Your instructions: In the records below, find the line that contains "李世成、汪国钟、胡健、段运芳" and the line that contains "Итак, что нового?"; write out exactly those two lines and everything between them, without the pictures.

Input data:
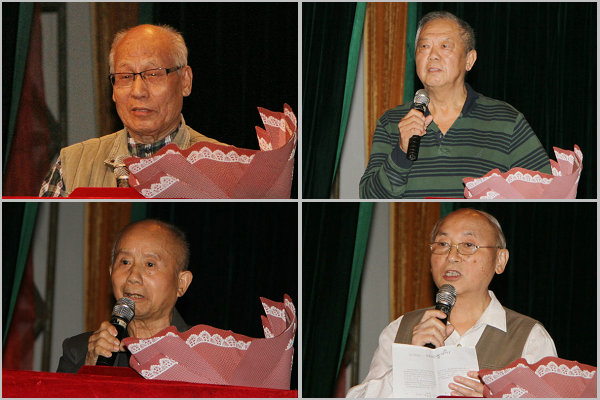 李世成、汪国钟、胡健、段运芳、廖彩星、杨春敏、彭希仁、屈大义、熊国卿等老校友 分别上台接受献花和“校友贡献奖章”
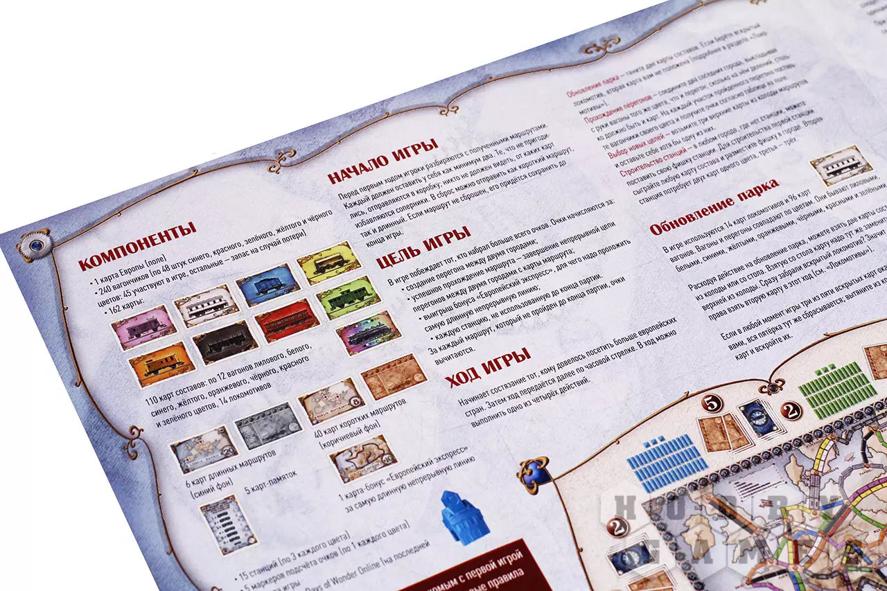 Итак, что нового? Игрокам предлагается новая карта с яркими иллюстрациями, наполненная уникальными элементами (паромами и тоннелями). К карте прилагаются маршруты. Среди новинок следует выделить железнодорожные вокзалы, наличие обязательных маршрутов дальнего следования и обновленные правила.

--

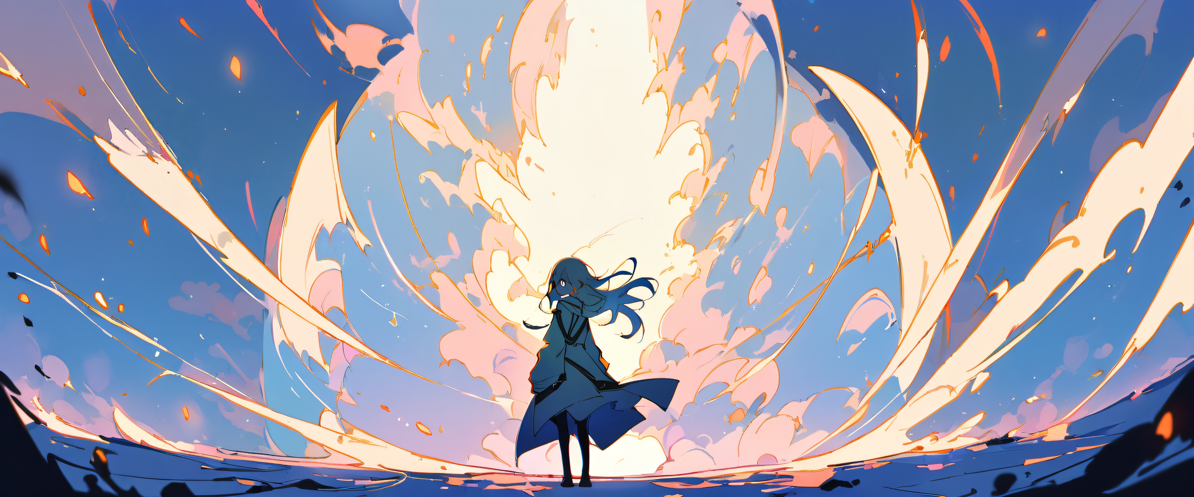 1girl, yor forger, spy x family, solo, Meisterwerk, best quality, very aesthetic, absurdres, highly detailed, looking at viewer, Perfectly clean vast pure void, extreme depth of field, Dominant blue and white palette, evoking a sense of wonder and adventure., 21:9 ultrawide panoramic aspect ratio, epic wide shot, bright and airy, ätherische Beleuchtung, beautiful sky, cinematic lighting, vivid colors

Written solution:
 李世成、汪国钟、胡健、段运芳、廖彩星、杨春敏、彭希仁、屈大义、熊国卿等老校友 分别上台接受献花和“校友贡献奖章”
 Итак, что нового? Игрокам предлагается новая карта с яркими иллюстрациями, наполненная уникальными элементами (паромами и тоннелями). К карте прилагаются маршруты. Среди новинок следует выделить железнодорожные вокзалы, наличие обязательных маршрутов дальнего следования и обновленные правила.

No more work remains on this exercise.